Very clever. And very funny. Ingenious way of getting the various board games insinuated, most especially connect 4 (I sense you were getting desperate here but it paid off, lol!). Well done!

syorkslad26

Jubbly at 08:22 on 26 June 2006  Report this post
Hi shatner, I really liked this, lovely stuff, quite spooky in a way. Just one teeny suggestion, when she gives the directions, go past jail etc, maybe you could add, something like 'It's the red house', just to keep the flow going.

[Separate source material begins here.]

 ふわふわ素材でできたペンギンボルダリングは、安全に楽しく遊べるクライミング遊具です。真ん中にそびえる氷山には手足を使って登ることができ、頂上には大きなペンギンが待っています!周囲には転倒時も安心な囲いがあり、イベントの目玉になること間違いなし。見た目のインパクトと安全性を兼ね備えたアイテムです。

Very original and good pay off.

Jubbly

Account Closed at 15:19 on 26 June 2006  Report this post
Very clever, David,
you kept the theme running nicely throughout.
I think you could cut or ham up some of the non-board parts e.g.:

DRIVER: Can you tell me what happened?

MRS WADDINGTON: He was coming in to get the candlesticks. They were up on
the shelf they must have fallen on him. When I heard the
crash I came in and found him on the floor.

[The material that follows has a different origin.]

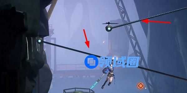 4、接着会看到索道,然后需滑下去并过一个机关,来到下图位置后需进行交互,交互后需继续向前走并下去;

I think it was in the study, the candlestick etc

MEDIC: We need to get him to hospital


F/X: FADE TO AMBULANCE SIRENS COMING FROM

INSIDE THE AMBULANCE


MEDIC: He's bleeding badly (pause) we're out of big
bandages.


DRIVER: Just join some small ones together.

MEDIC: How many?

DRIVER: I don’t know. Connect 4.

Likewise, I think you could reduce the operating theatre part and maybe get a Happy Families reference in.

Hope this helps

Elspeth


Flyswat at 18:05 on 26 June 2006  Report this post
HI THERE SHATNER. AS A RAW RECRUIT TO THE SITE ITS BEEN GREAT TO VIEW OTHERS WORK, AND I FOUND YOURS VERY AMUSING INDEED. GREAT IDEA. AS A MATTER OF INTEREST HOW LONG IS THE RUN-TIME?
REGARDS
HEATH


shatner at 20:27 on 29 June 2006  Report this post
Hi folks, thanks for all the comments. Incidentally syorkslad26, if you thought the connect 4 reference was stretching it a bit you should have seen my plans for Buckaroo :) I reined myself in though. Also Heath, I'm not sure how long the run-time was/is ... sorry.

David.

Bav Dav at 07:22 on 19 July 2006  Report this post
Not really my cup of tea but you've done a good job of carrying the theme through the piece although connect 4 was maybe a game too far. Having said that, the Operation buzzer made me laugh out loud.

I think it may be better served with more of a dark ending, I think Mrs Waddington sounds like a very dark character and would have liked a twist.

Actually the whole thing put me in mind of Naked Gun.